I already answered this in a sister comment. There are at least 3 candidates (Chloroquine , Remdesivir, Favipiravir ) and they are all unlikely to work.
Follow the article and read the summary, remdesivir was already trialed on a patient in Seattle: "The patient had visited Wuhan, returned to Seattle, began displaying symptoms, and was hospitalized on symptom day 3. By symptom day 8 X-ray showed clear lower respiratory tract viral pneumonia (diagnostic ‘ground glass’) and supplemental oxygen was started. Patient worsened, and intravenous antibiotics were started day 9. Patient worsened (proving viral pneumonia), so attending physicians consulted with FDA then had Gilead rush the experimental drug by air, with intravenous treatment starting day 10. Patient improved in 24 hours, was saved, and has since been discharged"

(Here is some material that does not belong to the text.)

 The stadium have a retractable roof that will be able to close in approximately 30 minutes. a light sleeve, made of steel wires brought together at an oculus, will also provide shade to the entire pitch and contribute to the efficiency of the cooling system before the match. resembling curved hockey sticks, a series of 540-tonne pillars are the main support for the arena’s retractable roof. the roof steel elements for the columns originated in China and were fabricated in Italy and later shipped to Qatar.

Importantly, "It did, however, show efficacy against SARS and MERS in vitro" So the drug is promising. Not saying it's a silver bullet but definitely promising.
Vaccines are at least a year away. In order of most to least likely to work:
1. Chloroquine is hepotoxic and since cytokine storms is already one of the way covid19 leads to death there is a lot of question whether chloroquine can actually help (in terms of aggregate effect on CFR).

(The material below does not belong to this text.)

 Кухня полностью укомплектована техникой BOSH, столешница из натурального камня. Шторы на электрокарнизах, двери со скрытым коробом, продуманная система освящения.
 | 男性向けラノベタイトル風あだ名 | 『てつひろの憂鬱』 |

2. Remdesivir didn't work for ebola (original target) and there is no reason to think it would work for covid19.
3. Favipiravir shows activity against many viruses (SARS-CoV-2 included), but doesn't actually reduce mortality for other viral illnesses (unknown for convid19).
Key to understand, many things show activity with the virus but don't actually improve the disease progression.